= What is needed =
Copy the data exactly as it appears, and do not include any pictures.

====== Source material ======

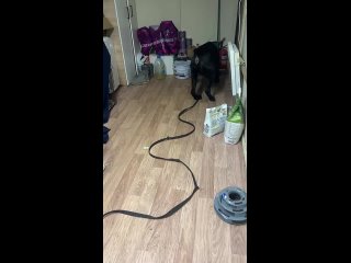 Кане Корсо пока проходит знакомство с потенциальной семьей.
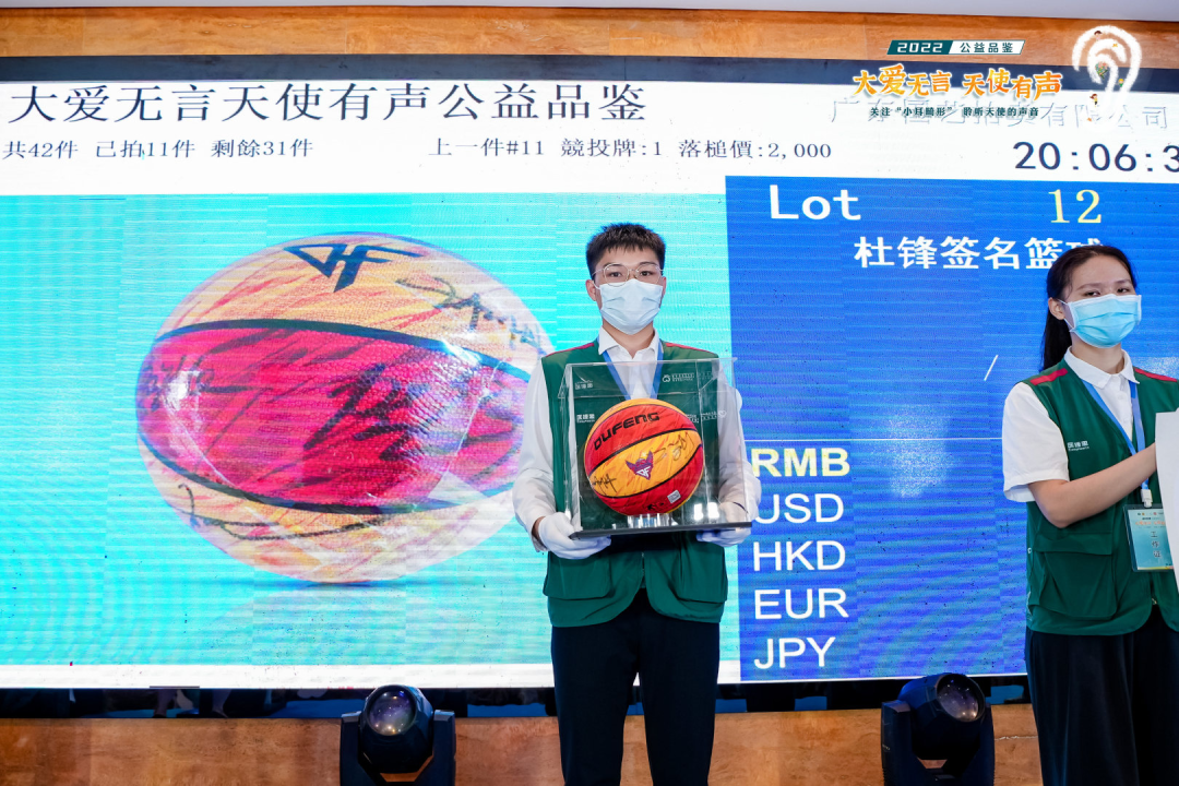 8月13日,锋基金捐赠的公益签名篮球在2022公益品鉴“大爱无言 天使有声”活动作为限时爱心拍品参与拍卖,现场获得了众多爱心人士的竞抢,一起将这份爱延续。
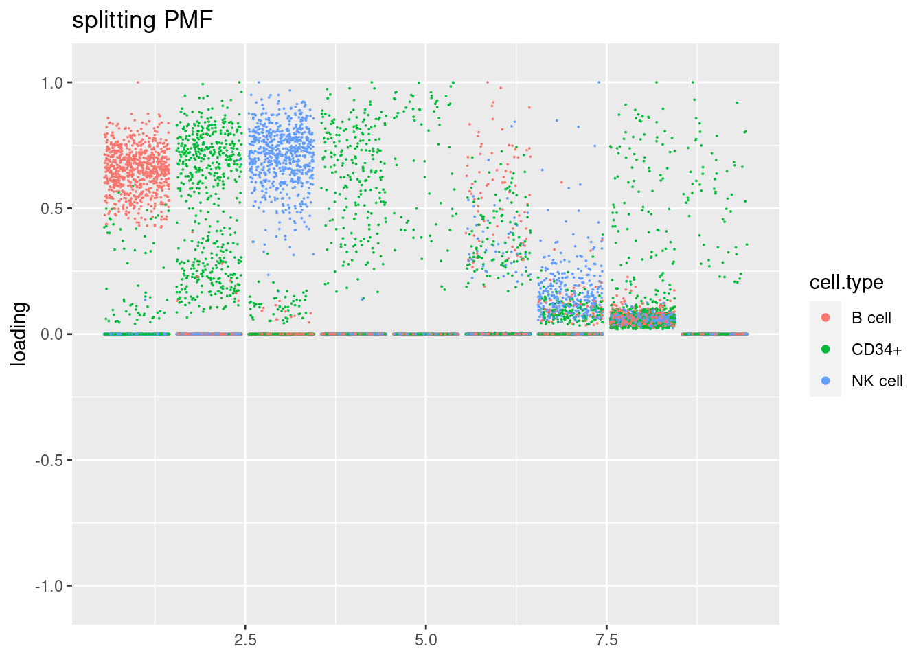 plot.factors(fit$fit_flash,cell_names,title='splitting PMF')

======

= Worked solution =
 Кане Корсо пока проходит знакомство с потенциальной семьей.
 8月13日,锋基金捐赠的公益签名篮球在2022公益品鉴“大爱无言 天使有声”活动作为限时爱心拍品参与拍卖,现场获得了众多爱心人士的竞抢,一起将这份爱延续。
 plot.factors(fit$fit_flash,cell_names,title='splitting PMF')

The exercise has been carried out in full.